- [PROBLEM STATEMENT]: Write each entry again exactly as shown, but without the images it holds.

- [GIVEN RECORDS]:
=== Begin Enclosure ===
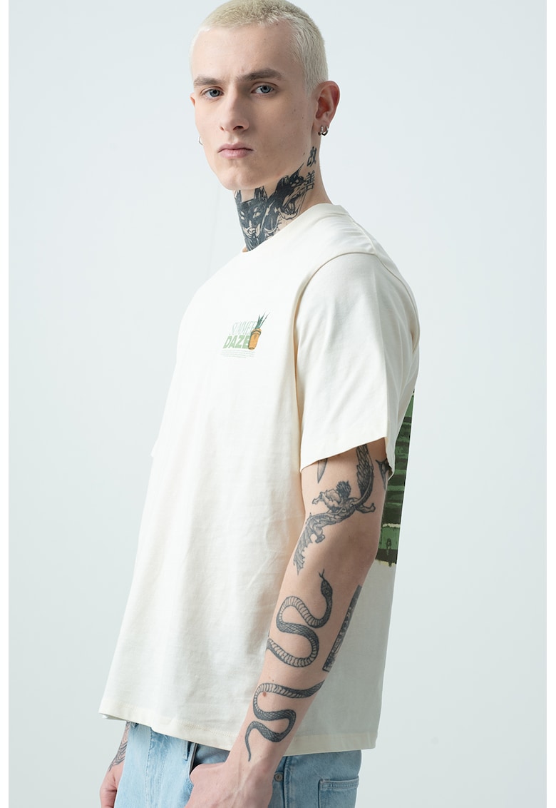 - crem Imprimeu: uni Material: bumbac Croiala: regular fit Model: decolteu la baza gatului Lungime maneca: maneca scurta Compozitie Exterior: 100% bumbac Info model Modelul poarta un produs de marimea M. Marimi model: 188 cm inaltime
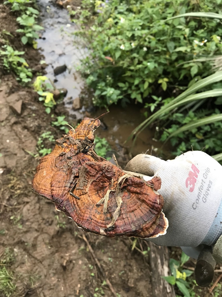 今天突然發現被鋸掉的芒果樹頭長了一片靈芝,好驚喜呀!長大點應該可以吃吧!?之前在另棵龍眼樹幹也看過長了木耳!
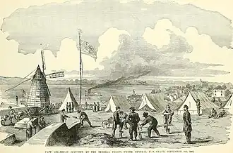 In 1861 General Ulysses S. Grant approved the construction of four forts at strategic locations around the city of Cape Girardeau. They were named Forts A, B, C, and D.[15] Fort A was positioned on a bluff overlooking the Mississippi River at the north edge of town and was meant to defend the city against Confederate gunboats on the river. Fort B was located on a hill now occupied by Southeast Missouri State University and was built to protect the city from enemy approaches on the Perryville Road and Jackson Road (now Broadway Avenue).[16] Fort C was near the present intersection of South Ellis Street and Good Hope Street and guarded approaches on the Bloomfield Road, Gordonville Road (now Independence Street), and Commerce Road (now Sprigg Street).[15]
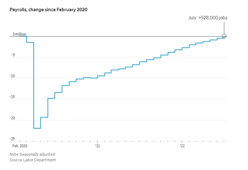 고용 회복 에는 거의 2년 반이 걸렸으며, 올해 상반기에는 고용이 경제 수축의 시작을 특징으로 하는 다른 제2차 세계 대전 이후 기간보다 빠르게 성장한 기간이 포함되었습니다. 노동부는 지난 달 실업률이 3.5%로 떨어졌으며 이는 2020년 초 팬데믹 직전에도 반세기 최저치를 기록했다고 밝혔다.
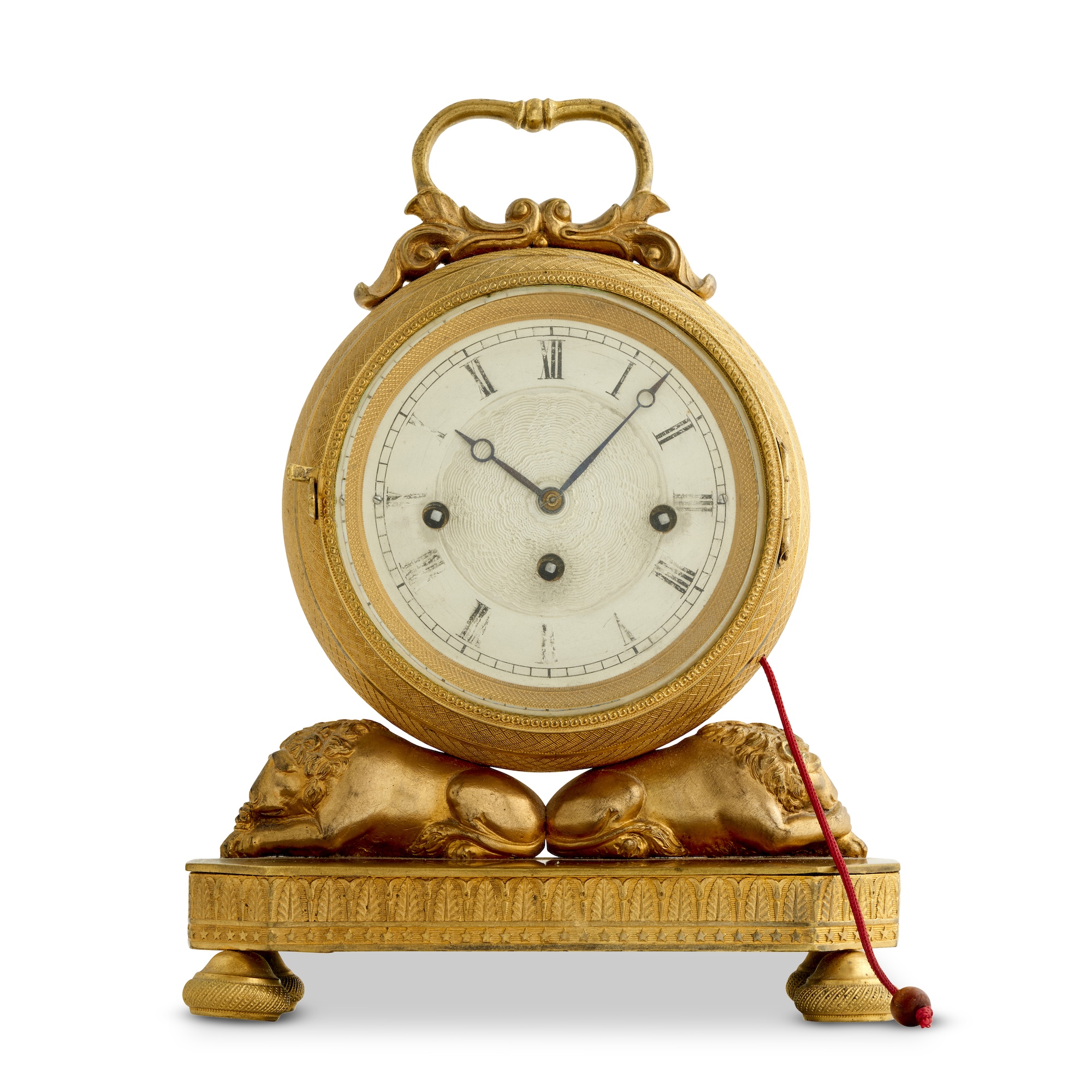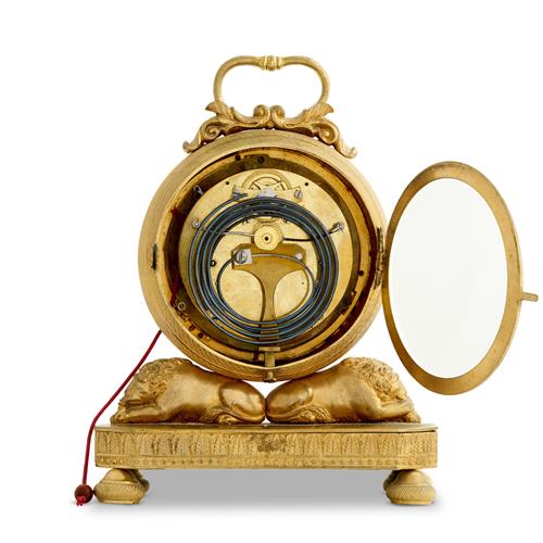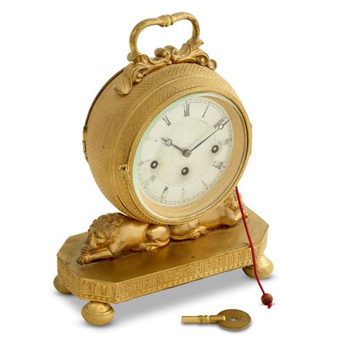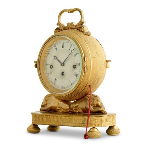The two-day movement with balance wheel lever escapement and pull repeat quarter striking on two gongs, the silvered and engine-turned Roman numeral dial with glazed bezel set in a drum case raised on a pair of of recumbent lion figures on a foliate platform base with four bun feet
=== End Enclosure ===
- [WRITTEN REPLY]:
 - crem Imprimeu: uni Material: bumbac Croiala: regular fit Model: decolteu la baza gatului Lungime maneca: maneca scurta Compozitie Exterior: 100% bumbac Info model Modelul poarta un produs de marimea M. Marimi model: 188 cm inaltime
 今天突然發現被鋸掉的芒果樹頭長了一片靈芝,好驚喜呀!長大點應該可以吃吧!?之前在另棵龍眼樹幹也看過長了木耳!
 In 1861 General Ulysses S. Grant approved the construction of four forts at strategic locations around the city of Cape Girardeau. They were named Forts A, B, C, and D.[15] Fort A was positioned on a bluff overlooking the Mississippi River at the north edge of town and was meant to defend the city against Confederate gunboats on the river. Fort B was located on a hill now occupied by Southeast Missouri State University and was built to protect the city from enemy approaches on the Perryville Road and Jackson Road (now Broadway Avenue).[16] Fort C was near the present intersection of South Ellis Street and Good Hope Street and guarded approaches on the Bloomfield Road, Gordonville Road (now Independence Street), and Commerce Road (now Sprigg Street).[15]
 고용 회복 에는 거의 2년 반이 걸렸으며, 올해 상반기에는 고용이 경제 수축의 시작을 특징으로 하는 다른 제2차 세계 대전 이후 기간보다 빠르게 성장한 기간이 포함되었습니다. 노동부는 지난 달 실업률이 3.5%로 떨어졌으며 이는 2020년 초 팬데믹 직전에도 반세기 최저치를 기록했다고 밝혔다.
The two-day movement with balance wheel lever escapement and pull repeat quarter striking on two gongs, the silvered and engine-turned Roman numeral dial with glazed bezel set in a drum case raised on a pair of of recumbent lion figures on a foliate platform base with four bun feet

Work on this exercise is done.